By Josephine Coombe, Managing Director of Nulogy in Europe: With more and more FMCG brands relying on their external manufacturing and packaging partners to help bring products to market quickly and cost-effectively, the inability for supply chain ecosystems to collaborate effectively is often a serious limitation.

Visibility and real-time data are key to resolving this; and it is here that the successful use of technology and digitalisation can deliver for brand owners and their external supply chain partners.

A multi-enterprise collaboration platform allows brands and their co-pack suppliers to connect and collaborate for faster execution and improved quality in FMCG orders. Working collaboratively, each party is able to track key order milestones and make sure that materials and stocks are available to meet production deadlines.
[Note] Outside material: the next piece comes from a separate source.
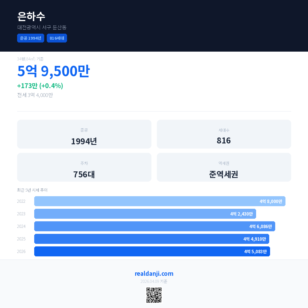 은하수 국민평형 기준 2026년 평균 거래가는 4억 5,083만으로, 전년 대비 0.4% 상승 했습니다.

For brands, this visibility offers additional benefits. Questions such as whether there are correct stock levels in the external supply chain to fulfil orders, where materials are in the system, and the status of orders, are easily answered. With data available in real time, brands are spared from chasing information down from suppliers through inefficient legacy communication channels. This helps to avoid waste through obsolete inventory and removes the need for safety stock, which translate into reduced costs and greater sustainability.

Increasingly, Nulogy’s contract packing customers, 3PLs and FMCG clients globally are seeing the benefits of digitalisation. For co-packers and 3PLs, digitalisation allows them to act as strategic partners – agile arms of innovation to brands – to help differentiate a brand’s product offerings. These include a wide range of services, from creating limited edition packs and special promotions to quickly timed experiments with manufacturing or packing new products and brand variants.

Digitalisation is key to managing this work, which will usually involve a mix of machinery and labour-intensive production lines. Manual processes using spreadsheets and paper-based systems or relying on an ERP software solution not specifically designed for co-manufacturing or packing become things of the past. Instead, cloud-based software enables resources such as labour to be much more effectively tracked, delivering greater accuracy in costings for clients.

Real-time visibility on production performance drive improvements in productivity, while dynamic scheduling and materials planning functionality enable businesses to make quick adjustments to deal with changes in demand, bills of material versions or product substitutes.

Digitalisation of materials and inventory management is also not just about waste. Without effective and fast lot code traceability can be at risk, particularly in the event of product recalls. In a paper-based, spreadsheet or legacy system environment, tracking down at-risk inventory can be a time-consuming, highly manual and error-prone nightmare. And in the event of a full recall, the consumer health, reputational, and financial risks can be very serious. With a digitalised platform that enables network-wide visibility of materials and inventory at the batch and lot code level, traceability is as easy as a click of a button and can be the difference between isolating stock in minutes versus days or even weeks.

A digitally transformed external supply chain can deliver a raft of operational and financial benefits resulting from greater agility. However, one of the greatest benefits is the strengthened relationships between a consumer brand and its external suppliers. By sharing data and working together to fulfil orders, mutual trust is built, and each party across the supply chain wins. Brands can reconfigure their supplier setups to best suit their ever-changing order requirements, while suppliers can demonstrate their flexibility to meet those needs. An “always on” digitally enabled ecosystem is how true operational agility is achieved and one that is becoming essential in today’s world of constant change.